Health insurance issuer

Under the Health Insurance Portability and Accountability Act (HIPAA), an insurance company, insurance service, or insurance organization that is licensed in the state to do business involving insurance and is subject to the state’s laws regulating insurance. This phrase does not include a group health insurance plan.

Health Insurance Portability and Accountability Act of 1996 (HIPAA)
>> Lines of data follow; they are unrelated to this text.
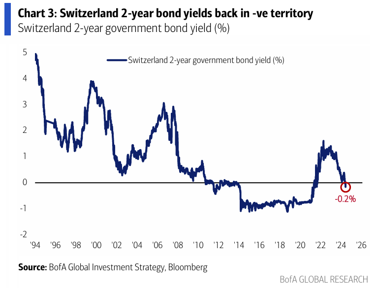 Swiss bonds are back in negative territory. The first indication parts of the world are back in a zero interest rate world. (BofA)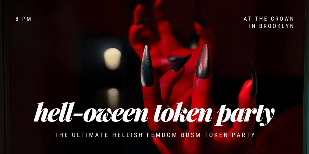 Femdom Hell-oween Token Party is a Halloween themed BDSM play-party with tokens, femdom stations, and lots of kinky fun.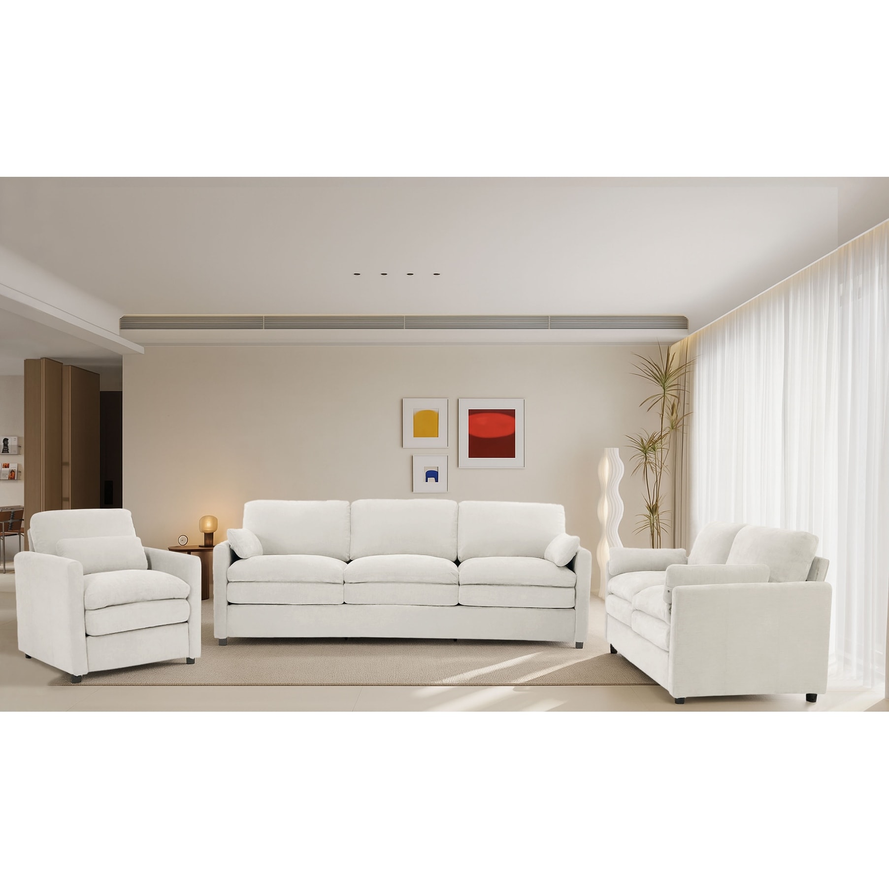 Modern Minimalist Chenille Fabric Upholstered 3-Pieces Living Room Set with a Chair, a 2-Seater Sofa and a 3-Seater Sofa

Federal law designed to limit exclusions for preexisting conditions, prohibit discrimination against employees and dependents based on their health status, guarantee that health insurance is available to small employers, and guarantee renewability of insurance to all employers regardless of size. However, people must go through the Consolidated Omnibus Budget Reconciliation Act program before using HIPAA. HIPAA allows portability in that it provides continuing insurance coverage when a person changes employment. It also simplifies administrative aspects of electronic health care transactions; mandates standard transaction code sets used by providers, plans, payers, and employers; and orders security, privacy, and confidentiality of patients’ health information via electronic transmission. HIPAA requires use of national identification systems for health care patients, providers, payers or plans, and employers. This act is also known as K2, Kennedy-Kasselbaum Bill, Kennedy-Kassenbaum Bill , and Public law 104-191 .

health insurance prospective payment system (HIPPS)
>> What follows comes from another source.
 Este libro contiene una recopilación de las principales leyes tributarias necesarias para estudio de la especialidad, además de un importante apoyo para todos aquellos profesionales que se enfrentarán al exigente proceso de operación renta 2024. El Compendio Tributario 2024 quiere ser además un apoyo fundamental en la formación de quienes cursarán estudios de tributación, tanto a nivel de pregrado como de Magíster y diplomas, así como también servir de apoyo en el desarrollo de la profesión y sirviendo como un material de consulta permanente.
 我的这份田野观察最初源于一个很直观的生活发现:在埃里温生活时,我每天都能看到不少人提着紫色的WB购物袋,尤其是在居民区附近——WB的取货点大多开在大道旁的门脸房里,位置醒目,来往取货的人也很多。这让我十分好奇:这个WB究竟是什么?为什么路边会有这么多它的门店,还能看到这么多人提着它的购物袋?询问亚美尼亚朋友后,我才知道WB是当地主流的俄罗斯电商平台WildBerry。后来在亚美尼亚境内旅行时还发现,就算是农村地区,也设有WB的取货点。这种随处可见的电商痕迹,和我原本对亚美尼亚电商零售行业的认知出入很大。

Code system for procedures that is used when billing Medicare patients in skilled nursing facilities, home health agencies, inpatient rehabilitation facilities, and swing bed facilities in rural hospitals. HIPPS codes are alphanumerical codes of five digits: The first three are derived from the resource utilization group (RUG), and the last two represent a modifier code for the specific assessment. This code is put in Form Locator 44 on the UB-04 Medicare claim form. Any patient coded in one of the top 26 RUGs is a skilled patient.
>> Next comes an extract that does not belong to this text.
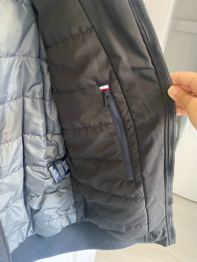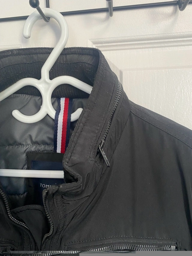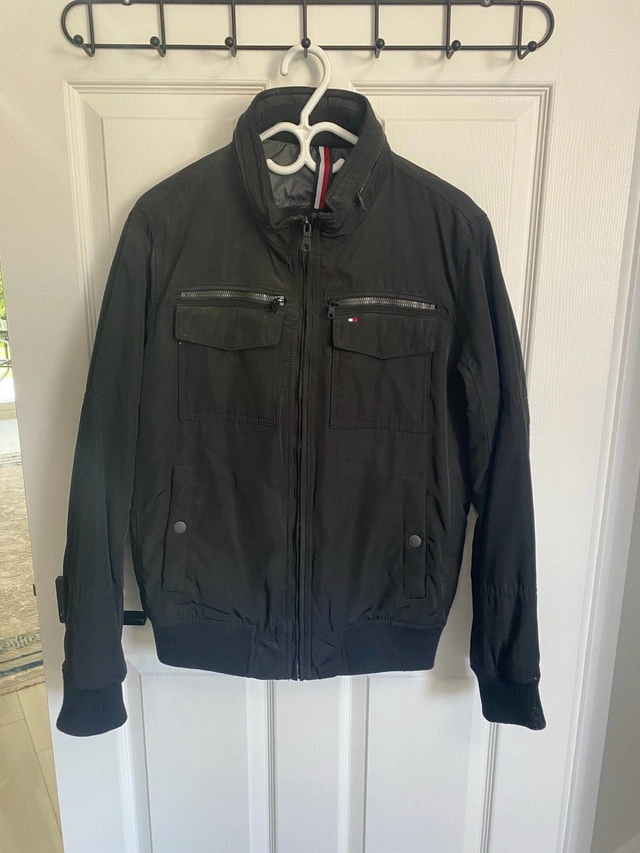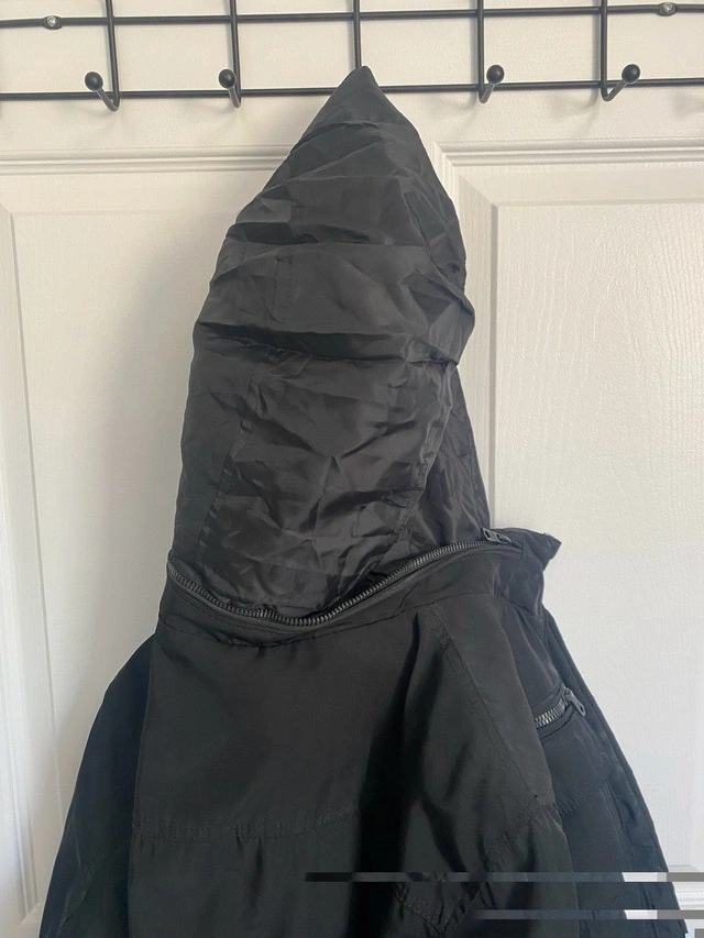 Nice spring men’s jacket with inside pocket and zipper opens up to a hood as pictured. Size small.

Health Insurance Regulations 2013

In February 2013 IRDA passed comprehensive Regulations governing Health Business in India which as far as customer is concerned, include (a) Renewal of Policies (b) Free look period (c) Cost of pre-insurance health checkup (d) Cumulative bonus € Option to migrate (f) Disclosures and declaration (g) Standard definitions and nomenclature (h) Standard excluded items (i) Provisions relating to senior citizens (j) Upper limit and maximum cover (k) Settlement/rejection of claims (l) Administration of health policies (m) Payment of claim and (n) Portability of cover etc.